# Good caulking for cold weather on RV



## Damon T (Nov 22, 2008)

Ok a little outside of normal paint talk but my "new" camping trailer has a bunch of roof lines that need caulking. I tried an old tube of Lexel clear but it wouldn't adhere. I'm thinking maybe it was because it was half used and a year old. Need something that will work in 40 degree weather. Clear is preferred but off white whole work too.


----------



## DeanV (Apr 18, 2007)

I did some caulking on mine awhile back, but I got the special kind from the RV store for rubber roofs. I do not know if it was good for cold weather or not though. I feel your pain though. I have had leaks in my trailer too. But, the water was coming in through storage flaps and getting under the vinyl floor in the storage and was trapped between the floor and plastic on the bottom of the trailer. Major pain. Getting more rot in the back now too.


----------



## PRC (Aug 28, 2014)

Maybe its not meant for that material or it may have just been old. I have used it both in cold weather and rain. A couple years ago during an all day downpour my daughters window started leaking. I caulked the header in the rain, the leak stopped and it stuck! I was amazed. Still there today. Also used it in a block foundation in 15 deg. weather.


----------



## I paint paint (May 4, 2014)

Sika and 3m both have automotive/RV lines. More sealant/adhesive options than you could imagine. Some meant for the most extreme heavy duty industrial use.

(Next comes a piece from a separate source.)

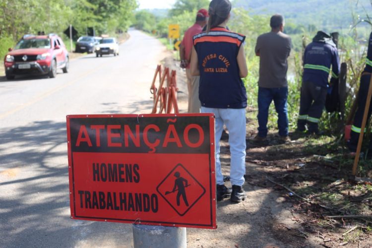 No local, está sendo feita a reposição da calha por meio de uma obra de contenção, com gabiões. A intervenção na margem do rio tem 34m de comprimento por 12m de altura. Tal providência elimina o risco de que haja um novo deslizamento, com erosão parcial da via pública.
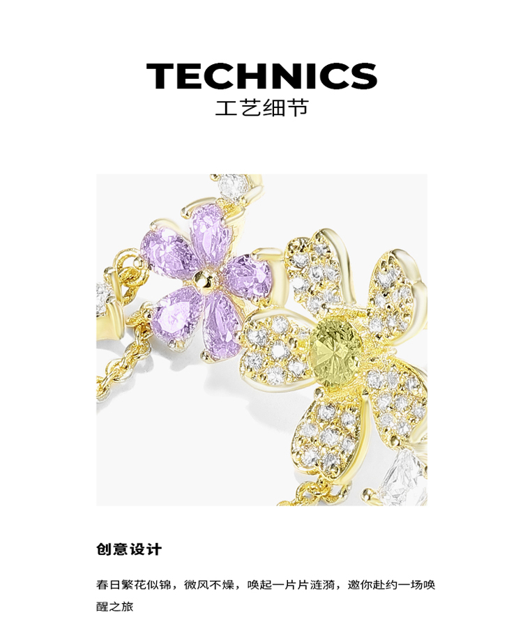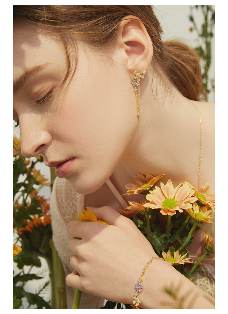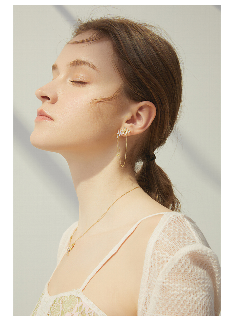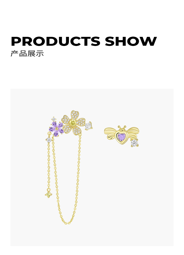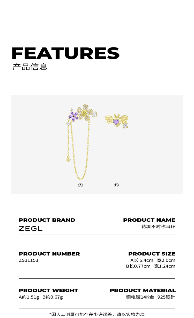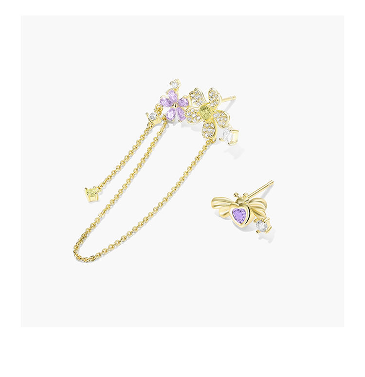 ZEGL设计师春日野趣系列蜜蜂花朵流苏耳环女耳钉银针不对称耳饰品

If you can't buy locally, try amazon, ebay, or jamestown distributors.

Many DIY RV enthusiast forums out there like Wander the West and Expedition Portal. If you ask online or google, provide as many details as possible and be specific about type of materials you are sealing, etc.

Also, a quick call to the manufacturer of your trailer would be worthwhile.

Then get out and enjoy!


----------



## lilpaintchic (Jul 9, 2014)

Any opposition to good ole fashioned Quad? and Quad max dries faster (24hrs) so it's paintable faster...i've used it on aluminum windows and siding, not sure what the difference is using it on a trailer. and it's not weather/temp dependent.


----------



## pacific paint (Nov 21, 2015)

Quad Or MP1 Great choice Dries hard and has a good flex. Works for many applications.


----------



## lilpaintchic (Jul 9, 2014)

just realized it's an old post.


----------



## Primer812 (Jul 29, 2014)

This might be an old post but, just for future reference…..The better choice for something like this would be a modified bitumen type roofing. 

Like this- http://cofair.com/quickroof_doublewhite.aspx

*Just be sure to have a clean surface and if needed add a little heat when installing for good adhesion. (like with a small heat gun) *If installing in cold temps 

With all the flexing an RV structure goes through, plus the expansion and contraction of those seams…..caulk will always fail.


----------



## ProWallGuy (Apr 7, 2007)

40 degrees is cold weather? LOL :no:


----------